== What to do ==
In the records below, find the line containing "In an old castle, a", then copy that line and all lines after it, exactly, omitting every picture.

+++++

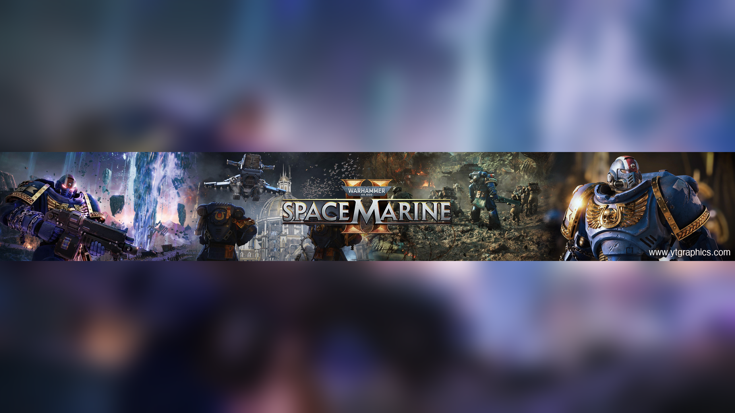 This custom YouTube banner showcases stunning imagery from Warhammer 40,000: Space Marine 2, featuring the iconic Ultramarines in their signature blue power armor amid dramatic battle scenes. The banner displays the official game logo with its distinctive golden column design against a backdrop of Imperial architecture and alien warfare. Optimized at 2560×1440 pixels to meet YouTube’s recommended channel art specifications, this banner is perfect for gaming channels, streamers, and content creators covering Warhammer 40K and Space Marine 2 content.
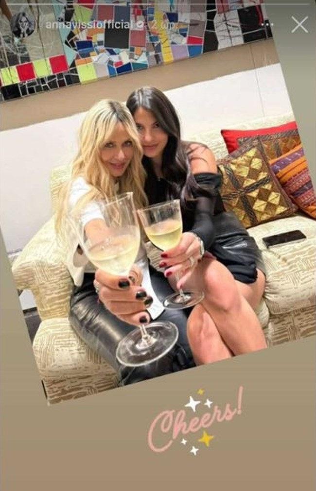 Στη συνέχεια μοιράστηκε μία φωτογραφία με την οικοδέσποινα, Δήμητρα Κούστα. Κρατώντας από ένα ποτήρι κρασί, η Άννα Βίσση και η Δήμητρα Κούστα πόζαραν αγκαλιασμένες στον καναπέ. Η Δήμητρα που έγινε για τρίτη φορά μαμά πριν από τρεις μήνες, φορά μία επίσης μαύρη δερμάτινη μίνι φούστα και ένα chic off shoulder τοπ. Ο καναπές είναι μπεζ με πιο σκούρα μπεζ μοτίβα και είναι θα έλεγε κανείς, έθνικ αισθητικής. Το ίδιο και τα μαξιλάρια.
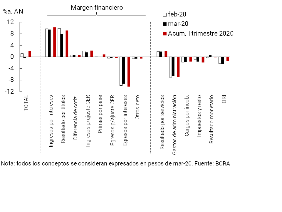 11En el numerador del ROA y del ROE del primer trimestre de 2020 se considera los resultados acumulados a marzo, expresados a precios de ese mes. Para construir el denominador de ambos indicadores, se toma el promedio de los activos y del patrimonio neto respectivamente, ambos a precios de marzo.
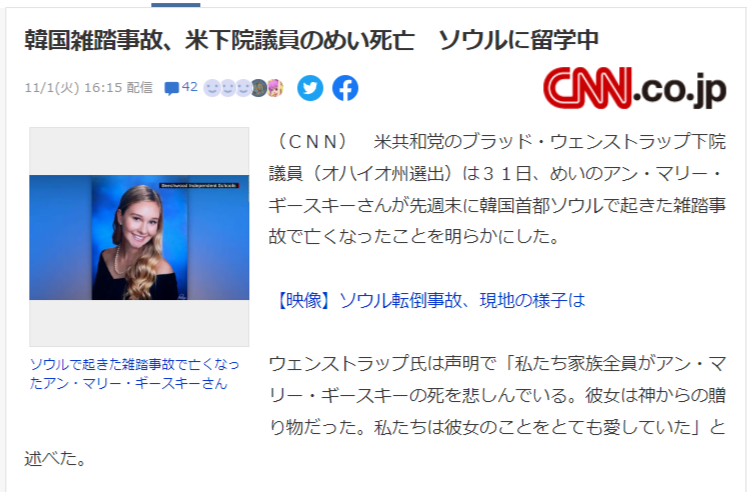 【悲報】韓国ハロウィン事件、国際問題待ったなしへ。『米下院議員の姪』など外国の上級が多数亡くなってしまう…
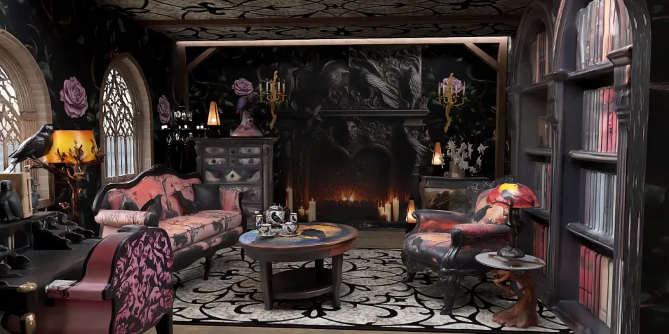 In an old castle, a formerly forgotten room has been transformed into a room honoring the poet Edgar Allen Poe…. Raven decor fills every dark nook and cranny. A vast library of olde, dusty books lines one wall…. Once upon a midnight dreary, while I pondered, weak and weary, Over many a quaint and curious volume of forgotten lore—
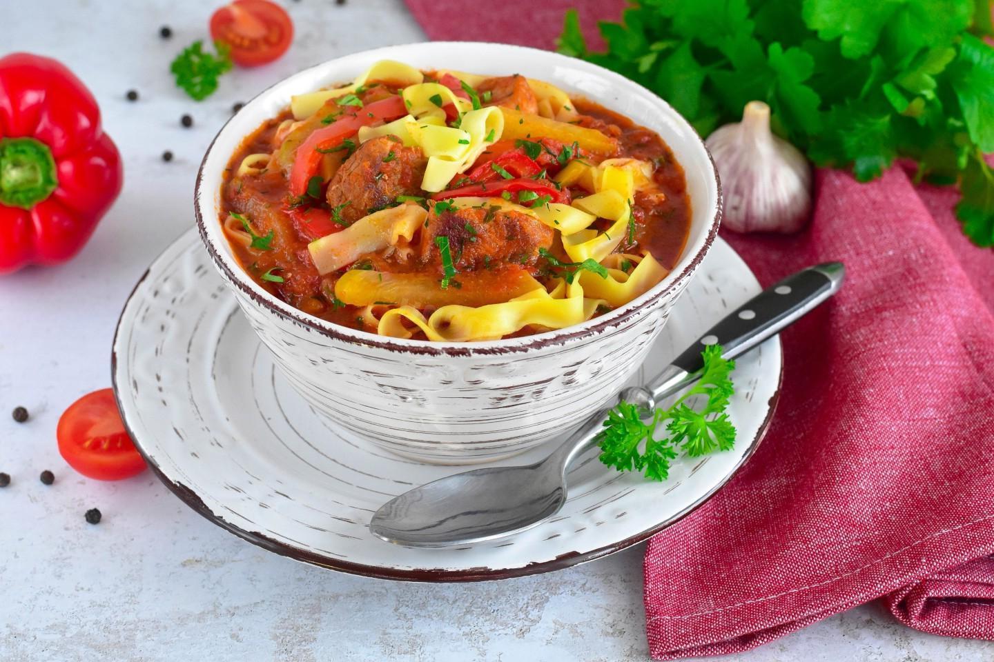Rich, appetizing, tasty and very satisfying. Classic pork lagman works better with homemade noodles, but it will also work well with quality store-bought noodles. The vegetable set can be supplemented at your choice, each time getting an almost new dish.

+++++

== Task answer ==
 In an old castle, a formerly forgotten room has been transformed into a room honoring the poet Edgar Allen Poe…. Raven decor fills every dark nook and cranny. A vast library of olde, dusty books lines one wall…. Once upon a midnight dreary, while I pondered, weak and weary, Over many a quaint and curious volume of forgotten lore—
Rich, appetizing, tasty and very satisfying. Classic pork lagman works better with homemade noodles, but it will also work well with quality store-bought noodles. The vegetable set can be supplemented at your choice, each time getting an almost new dish.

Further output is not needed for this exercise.